Audit exposes Postal Service’s overtime racket as Democrats seek bailout
Extra pay grew by billions, even as mail delivery slowed. More than 4,000 workers earned more in OT than base pay.
The U.S. Postal Service has racked up billions of dollars in excessive overtime from its workers over the last several years, even as its employee numbers have gone up and its mail delivery has declined, according to a new audit likely to raise questions about congressional Democrats' demands for a bailout.
Overtime pay has become so predominant at America's premier mail delivery service that more than 4,000 postal workers last year actually earned more in OT pay than their base pay, a 429% increase in highly compensated overtime earners since 2014, the agency's internal watchdog reported this week.
The situation exists in part because postal employees are allowed to determine their own overtime hours without needing prior management approval, and management does not always keep accurate payroll records, the audit report concluded.
"The Postal Service needs to strengthen controls over managing overtime to successfully contain these costs," the Postal Service inspector general warned Wednesday. Between 2014 and 2019, "overtime costs and hours have trended upward and consistently exceeded their planned overtime budgets. Although package volume grew, these costs increased despite declining mail volume and increased employee levels."
The audit paints a picture of a postal service that is highly dysfunctional: Managers don't keep good records, staffing levels aren't maintained at authorized levels, and workers decide for themselves when they can charge overtime,
"Employees must be paid for all overtime work they perform, even if that time was not authorized. Unauthorized overtime occurs when an employee's clock time exceeds eight hours in a day or 40 hours in a week without prior authorization from a manager,” the report noted.
The audit revealed just how costly this OT tab has become: The annual bill for overtime charged by postal employees grew 35% from $3.7 billion in 2014 to $5 billion last year. Over the course of those five years, workers charged for an average of more than 100 million OT hours per year, the report said. Overtime, according to the IG, now accounts for between 13% and 16% of USPS' total costs.
Determining whether such overtime was warranted is made harder because "management did not have complete, accurate, and reliable payroll workhours data for FY 2019," the report noted.
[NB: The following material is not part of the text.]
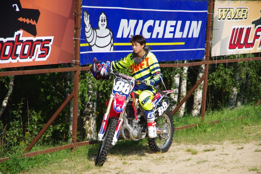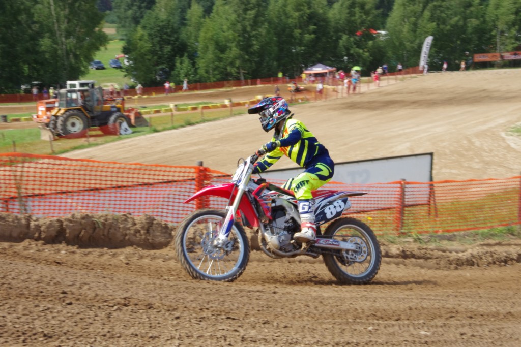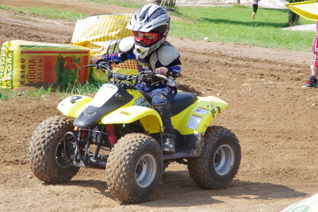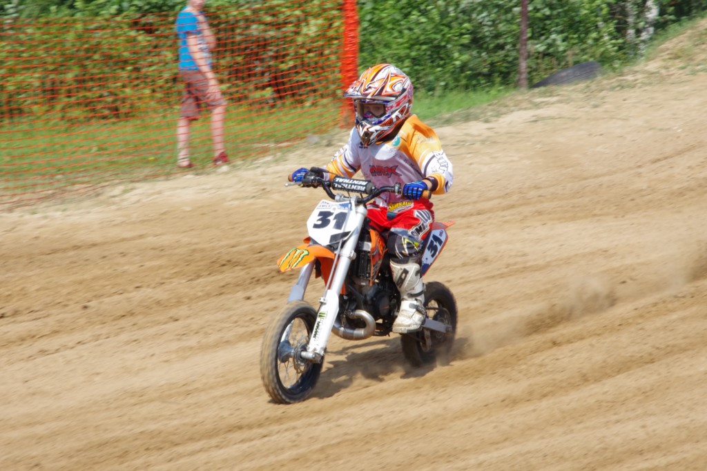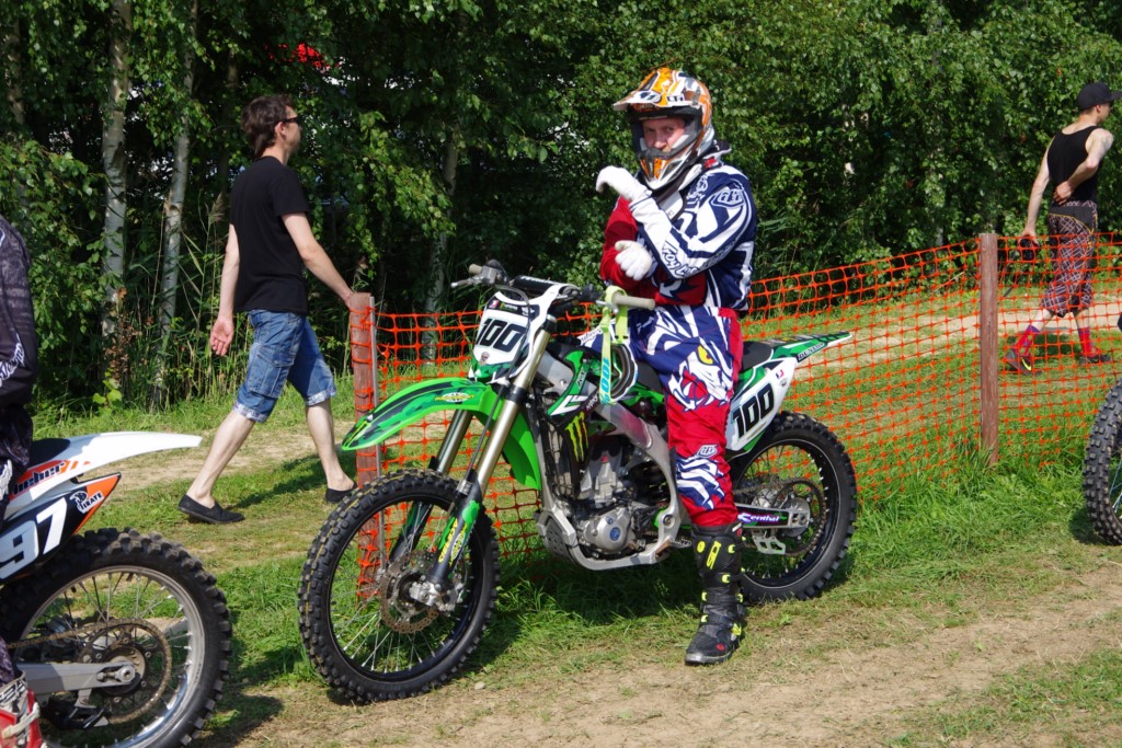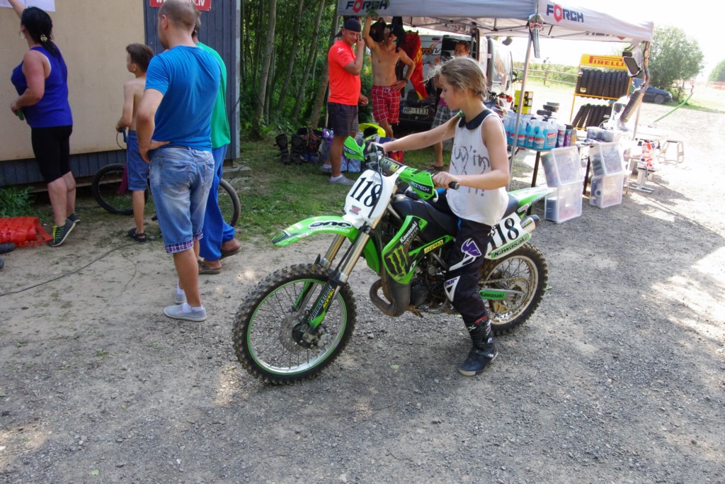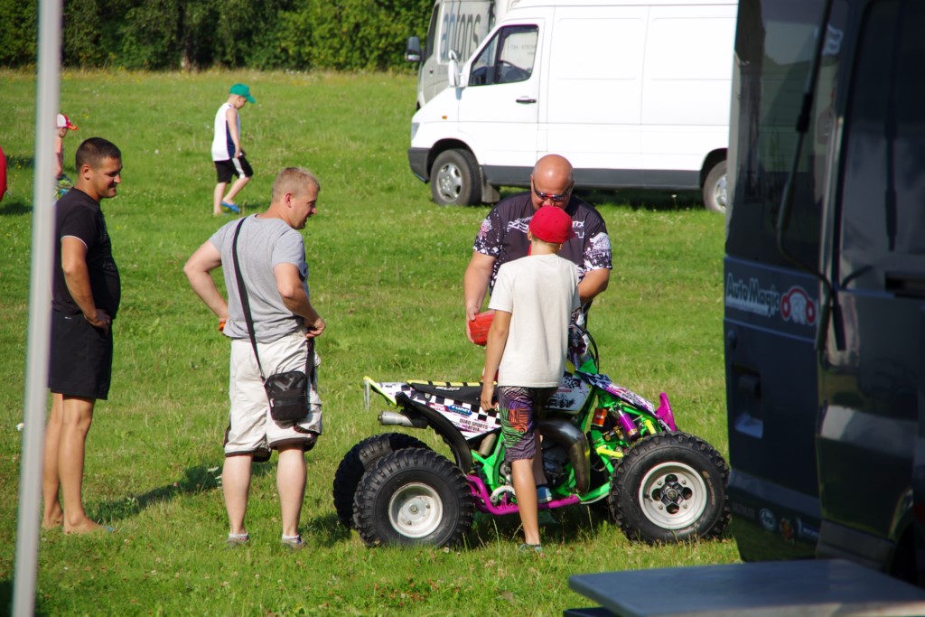 Da', kaukā šogad motokrosus pabildēt nesanāk - šitais man šajā sezonā pirmais. Man autiņa kompis Zorģos ēnā rādīja āra temperatūru 34 !!!. Kaukāda baigā vietējā Taškenta ... nu, Kazahijas motobraucēji ar' tur piedalījās. Pabildēšanai laiku biju izbrīvējis un tā doma man sākotnēji bija šai' datumā pabildēt man mājvietai blakus esošu Bruno Moto motošosejas atklāto treniņa dienu Biķeros, bet pārvarēju slinkumu un aizskrēju uz Zorģiem paskatīties, kā Aināram ar tām lietām, un ... tie jaunieši un bērneļi jau vairāk vērti, kā tie vecie rukši uz piķa...

But based on the inspector general's analysis, as much as a half billion dollars a year in overtime was avoidable.
"We estimated the Postal Service incurred about $521.6 million in questioned costs" in 2019 alone, according to the report.
Investigators flagged the massive growth in postal workers who earned 2x and 3x through overtime pay, citing some specific examples ranging from postmen to mechanics whose inflated paychecks raised questions about whether employees could really have worked as many hours as they charged.
"A mail handler in the Northeast Area earned $141,153 in total overtime pay by working 3,329 regular overtime hours, which resulted in $205,018 in total pay" the report noted. "This was equivalent to more than three times the amount of this employee's base salary. For perspective, this amount of overtime would have required this employee to work an average of 17-hour days, consisting of eight regular workhours and about nine overtime hours every day for 365 days a year,.
Despite such remarkable findings, the Postal Service said it is not sure whether it should try to work to reduce massively rising overtime.
"Increasing complement with the intent of reducing overtime may not be the best long term solution," the service said in response to the IG report. "The appropriate use of overtime continues to give management the greatest latitude to utilize its resources at the least possible cost while controlling future salaries and benefits of new employees."
In other words, the Postal Service is signaling the OT racket will continue.
All this comes as Congress fights over a Democratic effort to have taxpayers provide as much as $25 billion in bailout money to the postal service. Such legislation passed the Democrat-led House this week, but it is unlikely to proceed in the GOP Senate.
Speaker Nancy Pelosi claims the money is needed to ensure mail-in ballots can be delivered on time in the fall. "It is all designed to suppress the vote," Pelosi said about recent efforts by Trump-appointed Postmaster General Louis DeJoy to cut costs.
DeJoy and his GOP defenders claim the Democratic bailout arguments are nothing more than "myth."
"Like the Russia hoax and impeachment sham, the Democrats have manufactured another scandal for political purposes," Rep. James Comer (R-Ky.) said last week.
Rep. Thomas Massie (R-Ky.) said he fears the Democratic bailout money is really to help augment union worker pension funds.
"They don't know what they would do with the $25 billion that was in the bill that was passed Saturday … but I suspect they would bail out the pensions," he said.